Meta wanted to explore an alternative page promotion technique as they
observe high latency spikes in their workloads that access CXL memory.
In the current hot page promotion, all the activities including the
process address space scanning, NUMA hint fault handling and page
migration is performed in the process context. i.e., scanning overhead is
borne by applications.
This is an early RFC patch series to do (slow tier) CXL page promotion.
The approach in this patchset assists/addresses the issue by adding PTE
Accessed bit scanning.
Scanning is done by a global kernel thread which routinely scans all
the processes' address spaces and checks for accesses by reading the
PTE A bit.
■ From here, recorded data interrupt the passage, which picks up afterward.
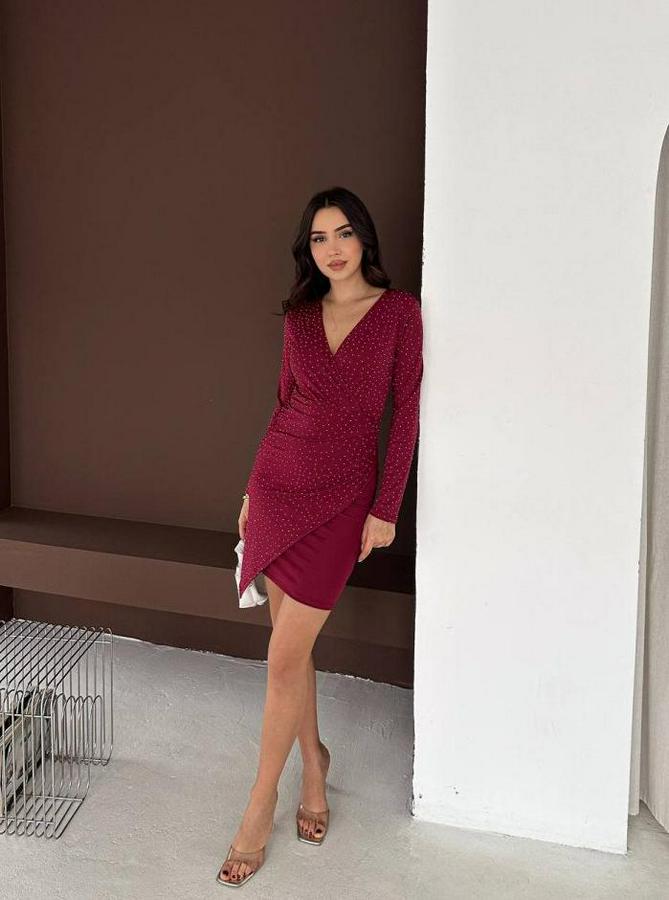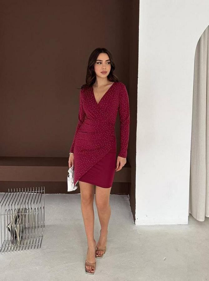 AnasayfaTüm ÜrünlerElbiseUzun Kollu Taş Detay Mini Kruvaze Elbise
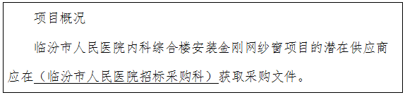 项目名称:临汾市人民医院内科综合楼安装金刚网纱窗项目
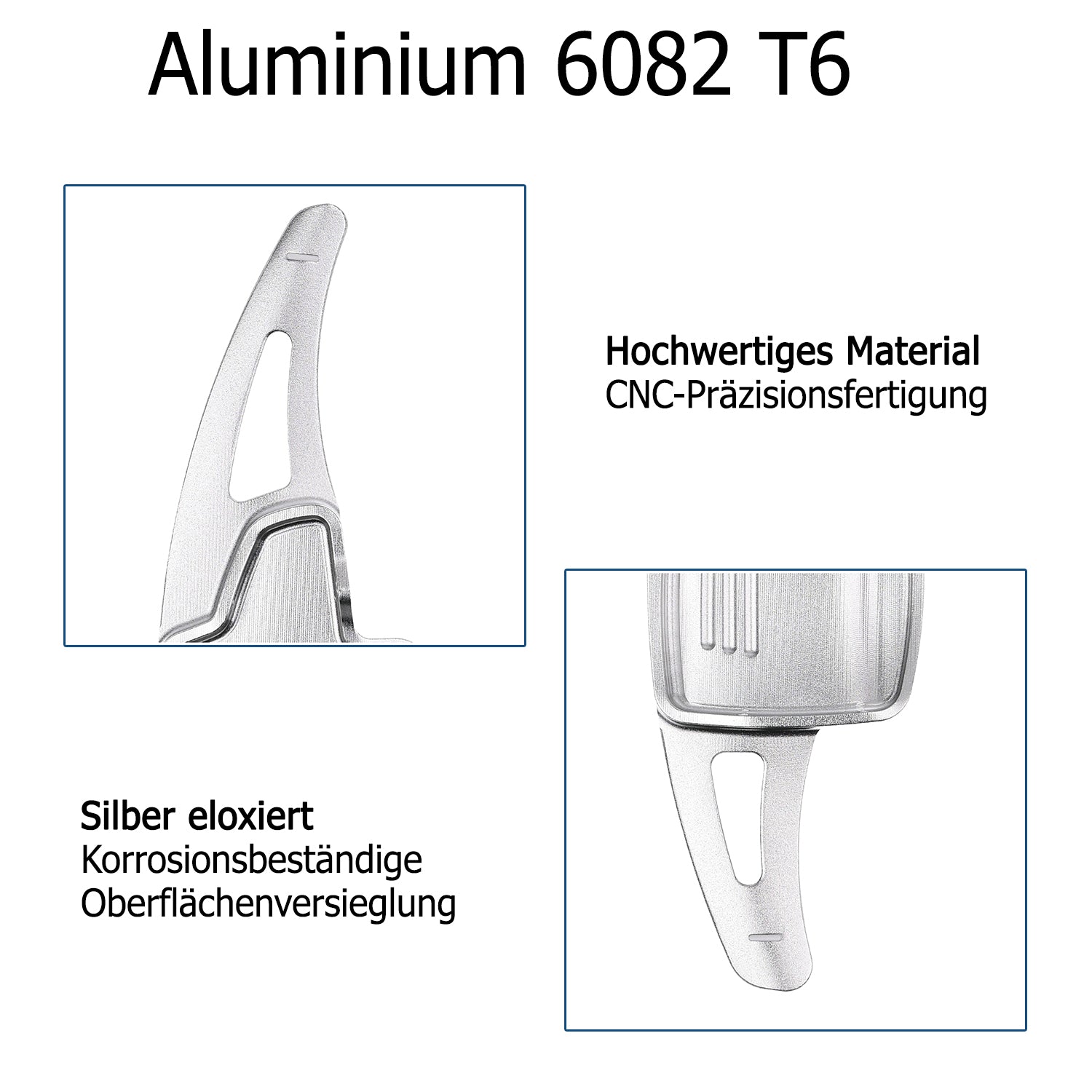 Schaltwippen-Verlängerungen aus CNC-gefrästem Flugzeugaluminium – ultraleicht, extrem stabil und mit edler eloxierter Oberfläche. Perfekte Passform für nahtlose Integration ins Lenkrad. Einfache Montage in Minuten (SIEHE "Montagehinweis")
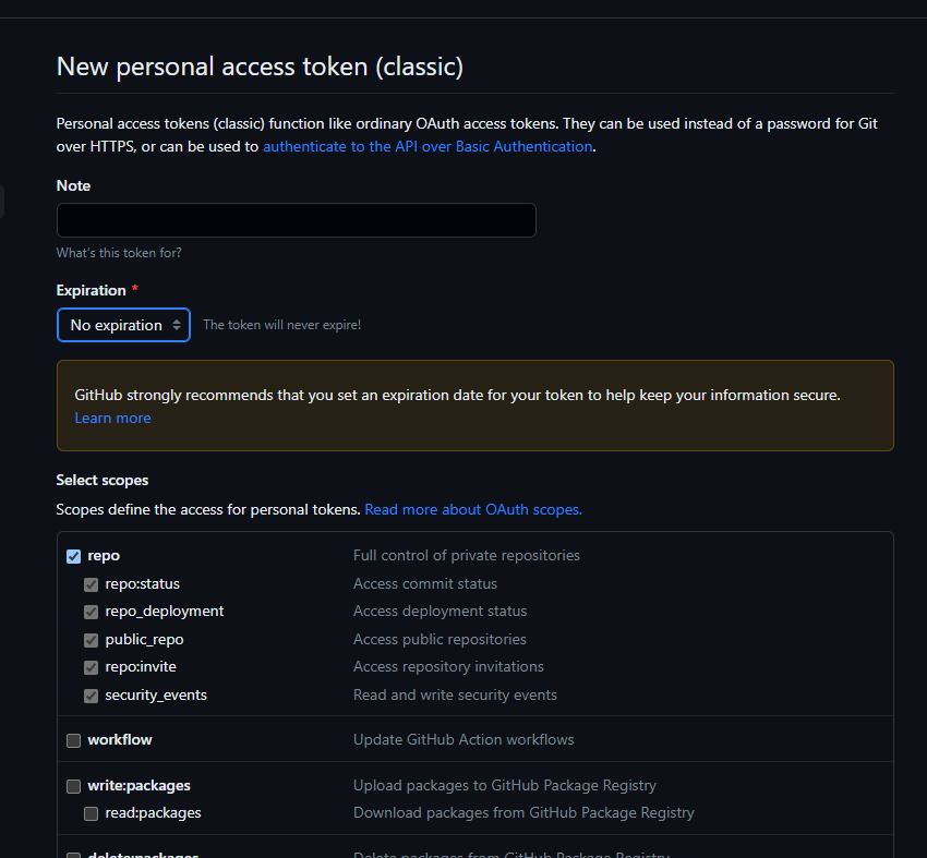 토큰으로 접근할 수 있는 것들을 결정하여 선택. 보통은 repo만 선택하면 충분.
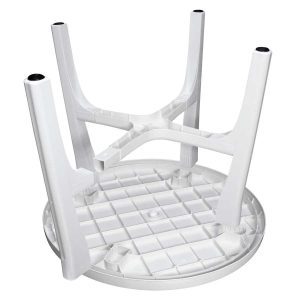 Mesa Plástica redonda modelo «Roma» de Polipropileno. Cuenta con base de 4 patas desarmables adosadas (unidas entre sí), lo que le da una resistancia y estabilidad superior a los modelos nacionales, con topes anti-deslizantes en las 4 patas. Ideal para terrazas, jardines, playa o eventos. Puede usarse tanto en interiores como en exterior. Es muy liviana, pesa sólo 5.6 kgs. y como es desarmable, ocupa poco espacio y es muy fácil de trasladar y guardar en grandes cantidades. Fácil de lavar. Producto importado de calidad superior.
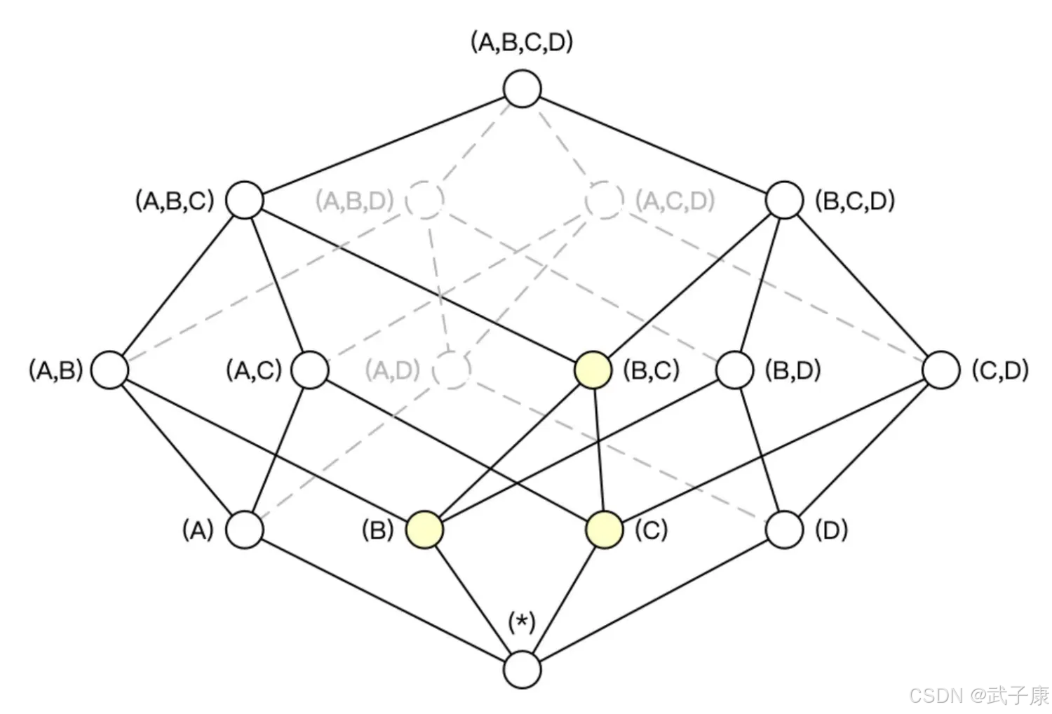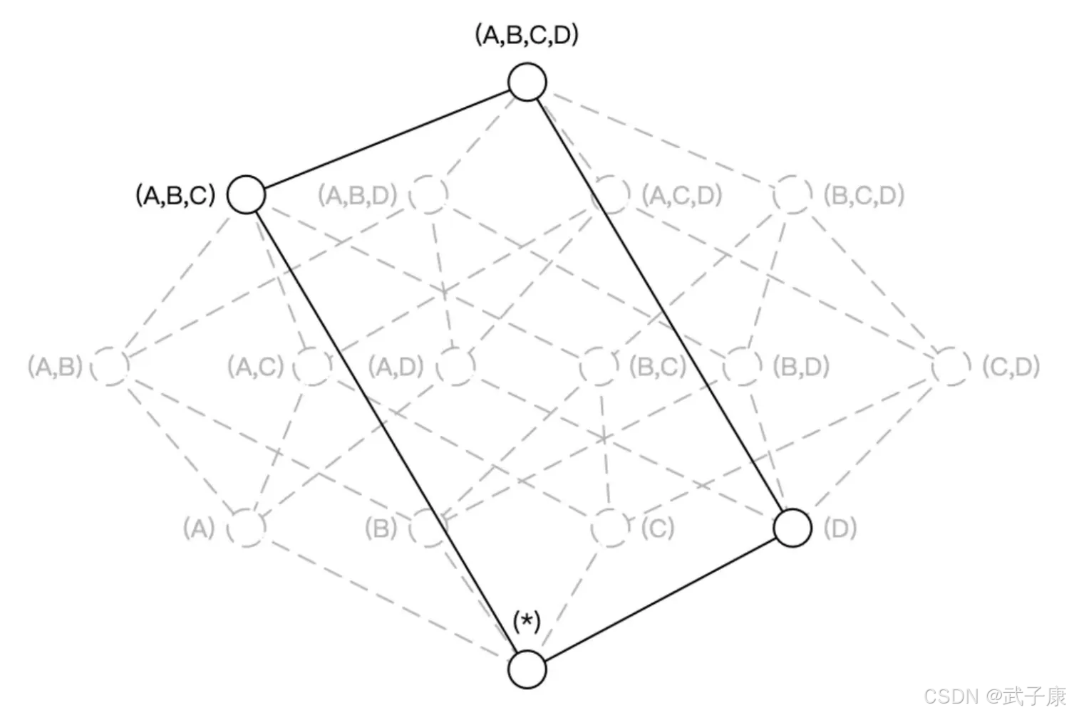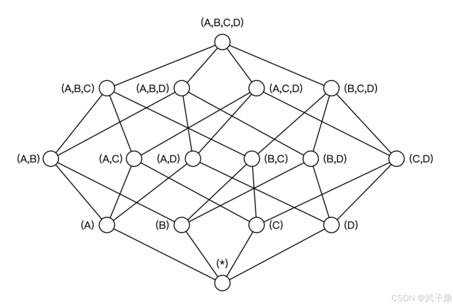 在单个组合组中,可以对维度设置一些高级属性,包括强制思维、层级维度、联合维度。一个维度只能出现在一个属性组中。构建 N 个维度的 Cube 会生成的 2^N 个 Cuboid,如下图所示,构建一个 4 个维度(A、B、C、D)的 Cube,需要生成 16 个 Cuboid。
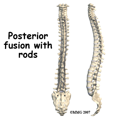 When surgery is performed for scoliosis metal rods or screws are used to help straighten and hold the spine in a corrected position. The vertebra are fused (joined together) to help correct the curvature. Luckily, only a small number of people with scoliosis require surgical intervention. New surgical techniques are designed to give maximum correction with a minimum of incisions and scarring.
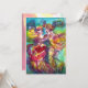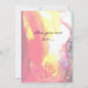 Färgrik, elegant och livfull finkonst inbjudan. Romantiska karnevalsdansare: Konstnärliga, fantasifulla, uttrycksfulla dansfigurer, vacker blond kvinna i fjäderförsedda skimrande kostymer dansar med en ung Harlekin med en gyllene röd ros på baksidan av kortet. Akvarellmålning i ljust rosa, fuchsia, grönt, rött, blått, gula färger, guldgnist inspirerad av Commedia dell'arte och Karnevalen i Venedig. Det är också en vacker design för bröllopsannonseringar, program, save the date, årsdag, sammankomster, romantiska förlovningar, brud shower, speciella tillfällen, Holiday party, Mardi Gras maskeradbal, födelsedagsfester. Sweet 16,
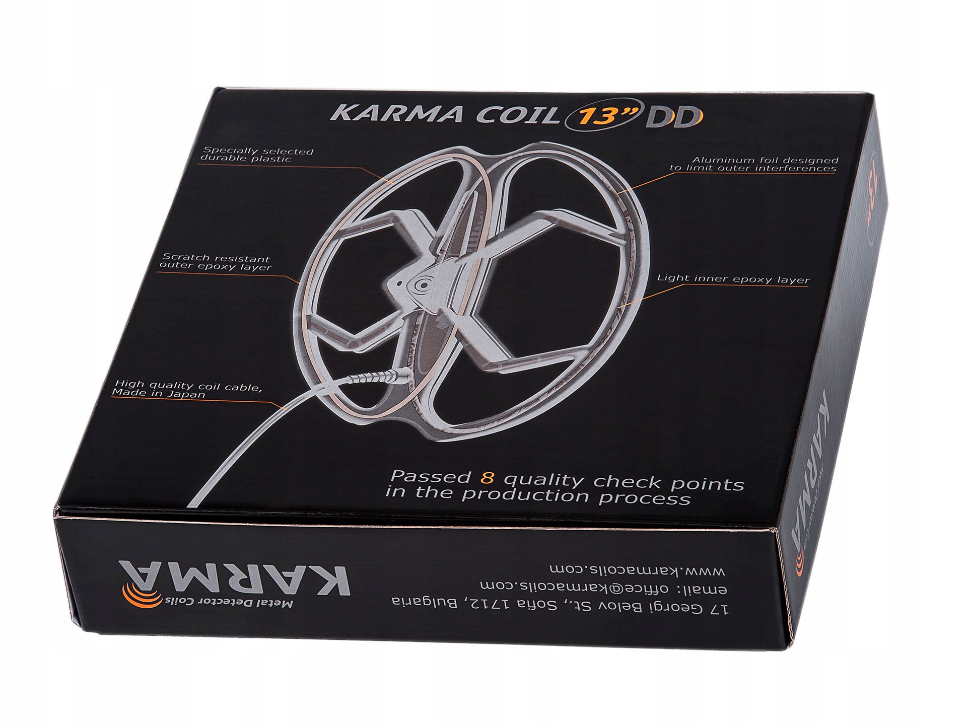 Dzięki cewce możliwe jest uzyskanie większego pola przemiatania oraz zasięgu zwiększonego o nawet 30%, w zależności od rodzaju wykrywacza. W sondzie Karma zastosowano japoński kabel wysokiej jakości, zapewniający większą stabilność w trakcie pracy na obszarze, na którym występują zakłócenia elektromagnetyczne. Cewkę wypełniono żywicą epoksydową.

It then migrates/promotes the pages to the toptier node
(node 0 in the current approach).
Thus, the approach pushes overhead of scanning, NUMA hint faults and
migrations off from process context.
Initial results show promising number on a microbenchmark.
Experiment:
============
Abench microbenchmark,
- Allocates 8GB/32GB of memory on CXL node
- 64 threads created, and each thread randomly accesses pages in 4K
granularity.
- 512 iterations with a delay of 1 us between two successive iterations.
SUT: 512 CPU, 2 node 256GB, AMD EPYC.
3 runs, command: abench -m 2 -d 1 -i 512 -s <size>
Calculates how much time is taken to complete the task, lower is better.
Expectation is CXL node memory is expected to be migrated as fast as
possible.
Base case: 6.11-rc6 w/ numab mode = 2 (hot page promotion is enabled).
patched case: 6.11-rc6 w/ numab mode = 0 (numa balancing is disabled).
we expect daemon to do page promotion.
Result [*]:
========
base patched
time in sec (%stdev) time in sec (%stdev) %gain
8GB 133.66 ( 0.38 ) 113.77 ( 1.83 ) 14.88
32GB 584.77 ( 0.19 ) 542.79 ( 0.11 ) 7.17
[*] Please note current patchset applies on 6.13-rc, but these results
are old because latest kernel has issues in populating CXL node memory.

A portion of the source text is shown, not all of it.